I am not sure how much salary to ask since it is a totally different market and I heard that country of origin also has some advantages and disadvantages.

My history: 

3 years as consultant in an MNC in India (IT sector).
1 Year as Business developer and CEO in my startup company (Internet based) which got acquired by another company.
2.5 months as business development consultant and then 8 months as business development manager in a retail company in Europe.

----My most recent salary was € 98,000 (AED 395,507) per annum.
(Also I did my full time MBA in Europe, waiting to get my graduation certificate in September of 2016)

I am planning to come to Dubai and continue in the same line as either business development manager:fingerscrossed:. But I am not sure about the salary, can I expect the same or higher and how hard is it going to be for my profile. Knowing this would help me :boxing: better when it comes to discuss numbers.


It would be really great if someone can shed some light on this.

Apologies for the long post. And thanks in advance for your reply.

lane:Rockstar_DP


----------



## rsinner (Feb 3, 2009)

so what role are you looking for? I am not sure if a BD in retail job gets you 33K AED p.m.

In any case, why move this early in your career? You are likely to get better experience (and pay) if you were to move here as a more senior professional, unless a like for like job exists here (a much smaller market).

Also, quite curious - have you graduated or still studying? Why will you get the certificate in 2016?


----------



## Rockstar_DP (Aug 10, 2015)

Hello rsinner,

Thank you so much for your reply.

- The role that I am looking for is Business Development manager either in Retail or Tech (since I have 1 year experience in the retail industry and 3 years exp in tech).
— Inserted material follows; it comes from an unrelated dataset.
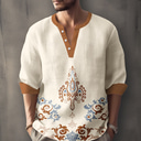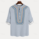 Men's Ethnic Shirt Button Up Shirt Henley Shirt Long Sleeve Vintage Casual Tribal Vacation Daily Beach Summer Winter Spring & Fall Stand Collar Button Up 3D Print Light Blue Beige

- I am moving out of Europe because the main reason I moved to Europe was for my MBA and the job came by as an unexpected event because of my connections from my previous startup company. Now that I am done with my MBA I thought that it was time to move out. Besides the ability to save money is far greater apart from the no tax thing and also from a managerial point of view I see lots of speed bumps in terms of the labor regulations and the work timings to get the things done on time. Basically its about less advantage. 

- I had made a typo , it is September 2015 and not 2016 

Also is it possible to suggest me an approx of how much i can expect with my profile. I am trying to calculate the after tax part of my salary and trying to see if it makes sense:confused2:.

lane: Rockstar_DP


----------



## Stevesolar (Dec 21, 2012)

Hi,
Likely salary will be in the 10,000 to 15,000 AED per month for retail in Dubai - normally less than UK and other European countries.
Cheers
Steve


----------



## Rockstar_DP (Aug 10, 2015)

Hello Steve,

Thanks for your reply. 

From what you say it seems that it will not make sense if I try to match my salary from Europe.. 
hmm, I will try to see if I can find opportunities with at-least 21,000 AED since I wont be paying tax.

:fingerscrossed: 


Moving countries and finding new job is going to be hard I guess 


Thanks again steve....

lane: Rockstar_DP


----------



## BedouGirl (Sep 15, 2011)

The other consideration is your (in)ability to drive. I'd say BDMs need a UAE license. Learning to drive here is not fun.


----------



## Rockstar_DP (Aug 10, 2015)

Hello BedouGirl,

Oh I didn't know that part.. Thanks for the heads up at least now I wont be like a sitting duck when this part comes up during an interview..


----------



## BedouGirl (Sep 15, 2011)

Rockstar_DP said:


> Hello BedouGirl, Oh I didn't know that part.. Thanks for the heads up at least now I wont be like a sitting duck when this part comes up during an interview..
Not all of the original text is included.